TASK DIRECTIONS: Retype every line of the data below, starting with the first and ending with the line that contains "by Frederick Remington.", but leave out the pictures.

RECORDS SHOWN:
%%

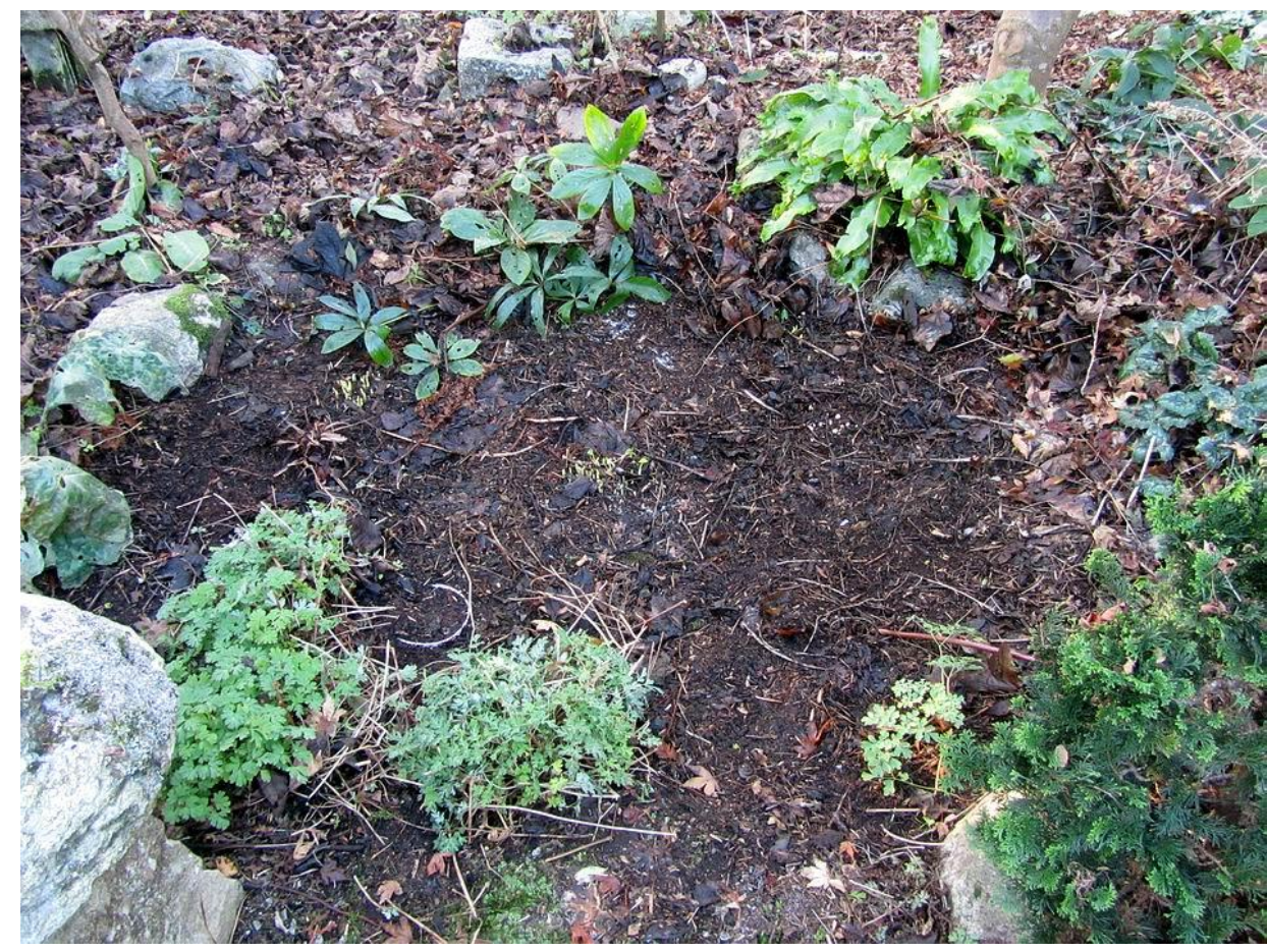
Lifting the leaves reveals many shoots that are now exposed – having removed their protective layer.
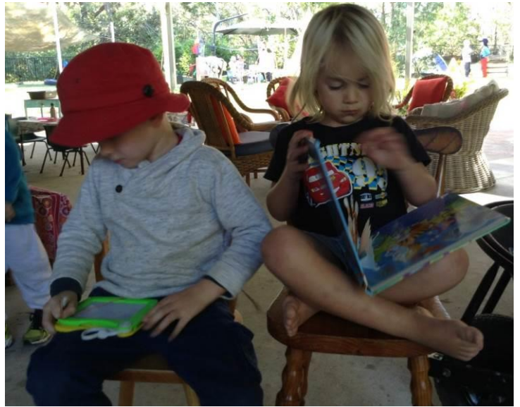
Diesel and Leon - in the entrance area at home time
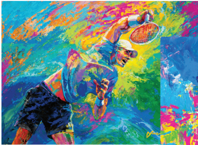
Big John” (John Isner) 2019, Acrylic on Metal, 36” x 24”
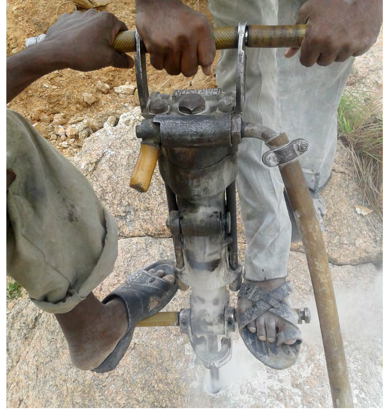
Quarry workers operating the drilling machine without using protective equipment
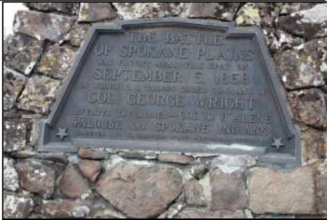
Figure 7: Inscription on the Battle of Spokane Plains monument.

After resting for three days, Wright again set his command moving northward toward the Spokane River where scouts had seen the Indians gathering. The Indians had set the prairie grass on fire in an attempt to slow the soldiers' advance and then attacked. The soldiers began driving the
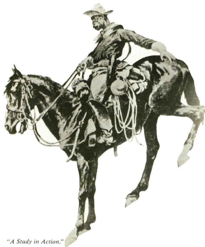
"A Study in Action." Negro soldier sketched by Frederick Remington.

fort davis today : Fort Davis National Historic Site was authorized as a unit of the National Park System in 1961. A program was immediately launched to save the remaining buildings and interpret the fort. Of more than 50 buildings that constituted Fort Davis when it was abandoned, visitors can view 16 residences on officers' row, two sets of troop barracks, warehouses, and the hospital. Sites of the remaining buildings, marked in most instances by stone foundations, can also be viewed. Recent archeological investigations have uncovered foundations of many buildings of the first fort.
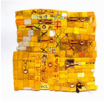
Serge Attukwei Clottey Trials and Tribulations Plastic and Wire 2015
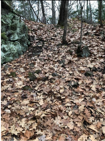
Area of concern on unofficial trail – back side of Sachem’s Head.

%%

EXERCISE ANSWER:
Lifting the leaves reveals many shoots that are now exposed – having removed their protective layer.
Diesel and Leon - in the entrance area at home time
Big John” (John Isner) 2019, Acrylic on Metal, 36” x 24”
Quarry workers operating the drilling machine without using protective equipment
Figure 7: Inscription on the Battle of Spokane Plains monument.

After resting for three days, Wright again set his command moving northward toward the Spokane River where scouts had seen the Indians gathering. The Indians had set the prairie grass on fire in an attempt to slow the soldiers' advance and then attacked. The soldiers began driving the
"A Study in Action." Negro soldier sketched by Frederick Remington.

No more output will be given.